AIR/FlashでEdyリーダーアプリケーション
~「SDK for FeliCa & Adobe AIR/Adobe Flash Standard版」リリース~
今月号の記事
ソニー株式会社 FeliCaデバイス事業部 相馬 功/竹村 航
2009年9月より無償配布をしているSDK for FeliCa & Adobe AIR/Adobe Flash Basicに加えて、2010年1月22日よりSDK for FeliCa & Adobe AIR/Adobe Flash Standard(以下、SDK Standard)のご提供を開始いたしました。
SDK Standardでは、交通乗車用カードや電子マネーとして世の中に広く出回っているFeliCaカードへのアクセス(暗号化通信以外)のほか、おサイフケータイへのWebサイト起動やメーラー起動などの機能があります。さらに、ビットワレット株式会社にご協力いただき、Edyの残高や利用履歴を確認できる機能を用意しているので、手近にあるEdyを使ってEdy用のFlash/AIRアプリケーションを開発することも可能です。
SDK Standardによって、FeliCaによる電子マネーカードのデータを読み書きするアプリケーションを開発したり、様々なFeliCa対応アプリケーションを販売したり、有償サービスとして提供することが可能になりますので、ぜひご活用ください。
今回の記事では、SDK Standardで可能になったEdyの利用履歴を読み込む機能について、SDK Standardに貼付されているEdy用サンプルアプリケーションのカスタマイズ方法をご紹介したいと思います。
※SDK for FeliCa & Adobe AIR/Adobe Flash Basicとの違いについては、the Edge newsletter 8月号記事をご参照ください。
Edyへのアクセスに必要なソフトウェア
SDK for FeliCa & Adobe AIR/Adobe Flash Standardが必要です。

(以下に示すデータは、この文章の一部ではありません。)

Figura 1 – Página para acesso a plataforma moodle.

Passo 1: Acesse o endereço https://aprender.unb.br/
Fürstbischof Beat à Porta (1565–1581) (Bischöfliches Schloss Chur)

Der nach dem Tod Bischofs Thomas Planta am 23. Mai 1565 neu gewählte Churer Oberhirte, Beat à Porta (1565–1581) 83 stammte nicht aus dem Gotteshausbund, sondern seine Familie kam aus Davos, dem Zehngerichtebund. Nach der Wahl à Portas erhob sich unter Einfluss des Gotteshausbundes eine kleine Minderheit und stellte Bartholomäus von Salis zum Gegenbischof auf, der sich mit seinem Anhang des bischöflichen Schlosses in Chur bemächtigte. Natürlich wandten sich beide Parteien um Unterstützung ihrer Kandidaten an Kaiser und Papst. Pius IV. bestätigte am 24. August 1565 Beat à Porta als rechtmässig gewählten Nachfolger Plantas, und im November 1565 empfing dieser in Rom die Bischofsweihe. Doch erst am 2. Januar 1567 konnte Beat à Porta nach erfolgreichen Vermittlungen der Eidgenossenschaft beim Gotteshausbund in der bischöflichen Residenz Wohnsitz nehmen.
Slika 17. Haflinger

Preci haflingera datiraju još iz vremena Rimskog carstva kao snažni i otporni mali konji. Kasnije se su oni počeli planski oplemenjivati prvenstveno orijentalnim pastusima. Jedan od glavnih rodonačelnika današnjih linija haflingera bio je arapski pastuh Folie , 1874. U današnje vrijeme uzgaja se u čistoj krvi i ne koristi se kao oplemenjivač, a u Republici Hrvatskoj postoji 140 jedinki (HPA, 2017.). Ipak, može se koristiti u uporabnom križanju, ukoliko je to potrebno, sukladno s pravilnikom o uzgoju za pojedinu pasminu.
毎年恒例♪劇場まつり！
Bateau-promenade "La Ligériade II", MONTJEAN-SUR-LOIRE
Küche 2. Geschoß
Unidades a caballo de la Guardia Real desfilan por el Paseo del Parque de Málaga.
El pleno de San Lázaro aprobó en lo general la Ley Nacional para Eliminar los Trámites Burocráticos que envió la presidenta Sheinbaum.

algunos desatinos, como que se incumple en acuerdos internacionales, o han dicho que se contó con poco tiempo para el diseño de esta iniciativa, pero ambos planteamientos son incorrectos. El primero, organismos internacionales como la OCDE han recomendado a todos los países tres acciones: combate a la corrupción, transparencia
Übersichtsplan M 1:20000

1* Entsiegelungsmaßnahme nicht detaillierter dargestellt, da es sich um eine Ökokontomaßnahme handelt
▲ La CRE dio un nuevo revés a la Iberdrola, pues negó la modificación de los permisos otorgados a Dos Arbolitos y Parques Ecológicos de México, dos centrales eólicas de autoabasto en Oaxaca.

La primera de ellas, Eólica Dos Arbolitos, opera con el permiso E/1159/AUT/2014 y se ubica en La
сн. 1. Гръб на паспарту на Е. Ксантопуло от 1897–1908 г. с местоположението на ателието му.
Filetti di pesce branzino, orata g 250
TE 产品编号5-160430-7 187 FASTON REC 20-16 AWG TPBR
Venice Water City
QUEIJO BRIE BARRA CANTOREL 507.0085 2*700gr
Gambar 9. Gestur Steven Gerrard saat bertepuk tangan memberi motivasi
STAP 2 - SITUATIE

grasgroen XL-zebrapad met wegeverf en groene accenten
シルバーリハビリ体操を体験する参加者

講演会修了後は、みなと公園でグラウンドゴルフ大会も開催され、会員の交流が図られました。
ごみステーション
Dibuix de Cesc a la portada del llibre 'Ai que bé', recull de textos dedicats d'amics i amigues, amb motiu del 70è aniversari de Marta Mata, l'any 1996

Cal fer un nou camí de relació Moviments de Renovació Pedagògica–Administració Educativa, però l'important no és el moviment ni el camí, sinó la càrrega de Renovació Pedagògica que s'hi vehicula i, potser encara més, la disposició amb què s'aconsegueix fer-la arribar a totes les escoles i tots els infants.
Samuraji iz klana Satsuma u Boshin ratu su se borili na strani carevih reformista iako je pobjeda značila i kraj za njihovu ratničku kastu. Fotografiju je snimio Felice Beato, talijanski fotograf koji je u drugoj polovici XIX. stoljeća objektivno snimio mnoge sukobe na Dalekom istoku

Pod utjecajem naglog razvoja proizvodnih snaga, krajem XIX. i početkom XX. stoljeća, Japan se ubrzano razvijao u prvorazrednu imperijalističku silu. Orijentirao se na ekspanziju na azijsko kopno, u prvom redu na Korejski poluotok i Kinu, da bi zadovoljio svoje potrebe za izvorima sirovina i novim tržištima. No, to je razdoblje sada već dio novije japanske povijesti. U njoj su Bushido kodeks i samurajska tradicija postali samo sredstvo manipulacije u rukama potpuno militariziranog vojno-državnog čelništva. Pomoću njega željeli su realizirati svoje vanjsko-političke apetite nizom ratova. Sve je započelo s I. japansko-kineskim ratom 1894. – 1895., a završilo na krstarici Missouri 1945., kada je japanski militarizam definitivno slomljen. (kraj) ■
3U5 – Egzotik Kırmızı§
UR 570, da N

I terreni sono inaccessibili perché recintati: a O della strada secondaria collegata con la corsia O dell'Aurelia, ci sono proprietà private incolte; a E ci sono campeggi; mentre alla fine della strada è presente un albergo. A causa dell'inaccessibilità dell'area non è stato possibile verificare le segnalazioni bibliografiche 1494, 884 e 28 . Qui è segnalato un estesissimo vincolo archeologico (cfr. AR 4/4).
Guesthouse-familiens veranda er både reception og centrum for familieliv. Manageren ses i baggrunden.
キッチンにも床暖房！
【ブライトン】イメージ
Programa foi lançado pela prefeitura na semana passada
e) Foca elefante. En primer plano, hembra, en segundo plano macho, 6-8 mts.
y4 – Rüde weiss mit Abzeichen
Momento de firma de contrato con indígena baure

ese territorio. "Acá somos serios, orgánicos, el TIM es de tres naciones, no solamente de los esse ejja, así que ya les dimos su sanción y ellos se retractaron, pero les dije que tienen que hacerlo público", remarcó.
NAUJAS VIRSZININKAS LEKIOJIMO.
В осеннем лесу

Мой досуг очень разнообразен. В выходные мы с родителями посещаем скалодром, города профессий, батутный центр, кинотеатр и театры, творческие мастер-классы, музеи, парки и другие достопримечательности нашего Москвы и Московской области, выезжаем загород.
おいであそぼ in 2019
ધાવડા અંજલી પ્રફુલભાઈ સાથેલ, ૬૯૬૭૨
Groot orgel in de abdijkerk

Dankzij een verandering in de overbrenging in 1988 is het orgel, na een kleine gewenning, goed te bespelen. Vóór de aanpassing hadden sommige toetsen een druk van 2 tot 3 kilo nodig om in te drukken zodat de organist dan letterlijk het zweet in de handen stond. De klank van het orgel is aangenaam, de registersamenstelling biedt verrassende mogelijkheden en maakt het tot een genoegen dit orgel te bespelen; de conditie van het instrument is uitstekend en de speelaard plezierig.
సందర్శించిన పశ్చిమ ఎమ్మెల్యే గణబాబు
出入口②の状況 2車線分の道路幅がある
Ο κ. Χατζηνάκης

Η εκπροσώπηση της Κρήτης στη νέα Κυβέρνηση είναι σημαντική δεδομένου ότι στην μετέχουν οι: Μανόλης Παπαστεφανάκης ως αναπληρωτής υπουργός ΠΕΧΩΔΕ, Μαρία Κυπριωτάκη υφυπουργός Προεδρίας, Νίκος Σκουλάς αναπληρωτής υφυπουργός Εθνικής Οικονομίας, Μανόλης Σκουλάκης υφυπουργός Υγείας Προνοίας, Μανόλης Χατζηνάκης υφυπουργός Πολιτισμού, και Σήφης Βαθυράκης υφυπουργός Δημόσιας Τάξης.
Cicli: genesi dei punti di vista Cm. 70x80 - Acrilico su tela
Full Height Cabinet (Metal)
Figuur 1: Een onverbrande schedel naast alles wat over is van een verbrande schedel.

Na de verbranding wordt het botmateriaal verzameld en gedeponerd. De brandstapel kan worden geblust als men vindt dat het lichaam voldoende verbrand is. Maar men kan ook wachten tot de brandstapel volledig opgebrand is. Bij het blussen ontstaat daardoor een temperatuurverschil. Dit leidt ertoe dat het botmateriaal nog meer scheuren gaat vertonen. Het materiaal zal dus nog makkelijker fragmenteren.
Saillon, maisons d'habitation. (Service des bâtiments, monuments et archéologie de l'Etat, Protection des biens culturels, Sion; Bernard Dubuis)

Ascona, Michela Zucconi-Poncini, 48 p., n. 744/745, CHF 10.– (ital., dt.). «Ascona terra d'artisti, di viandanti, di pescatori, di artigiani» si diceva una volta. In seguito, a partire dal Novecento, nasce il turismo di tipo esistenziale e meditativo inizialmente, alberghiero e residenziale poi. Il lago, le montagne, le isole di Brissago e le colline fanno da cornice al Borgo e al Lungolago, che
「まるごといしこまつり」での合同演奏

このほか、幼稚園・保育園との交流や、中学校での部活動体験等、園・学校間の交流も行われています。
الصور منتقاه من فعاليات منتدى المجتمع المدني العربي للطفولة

これに加えて実行にはソニーから公開されている最新版のFeliCaポートソフトウェアが必要です。
■ SDK for FeliCa & Adobe AIR/Adobe Flash
http://www.sony.co.jp/Products/felica/business/
Standard版(ICS-DAF/S010J)とBasic版(ICS-DAF/B010J)があります。
※ Standard版については、こちらのページからのダウンロード販売となっております。ダウンロード販売以外のご提供方法については後日お知らせする予定です。
■ FeliCaポートソフトウェア
http://www.sony.co.jp/Products/felica/pcrw/fsc_dl.html
FeliCaポートソフトウェアの中に、SDK for FeliCa & Adobe AIR/Adobe Flash用のランタイムモジュール「FeliCa Proxy Service」が含まれています。
Edyとは
Edyはビットワレット株式会社が運営するプリペイド型電子マネーで、カード用のデバイスフォーマットとしてFeliCaが使用されています。提携しているクレジットカードやメンバーズカードなどに付属している場合もあります。また、専用のアプリケーションをダウンロードすることでおサイフケータイでも使用することができます。
詳しくは、Edyのホームページをご覧ください。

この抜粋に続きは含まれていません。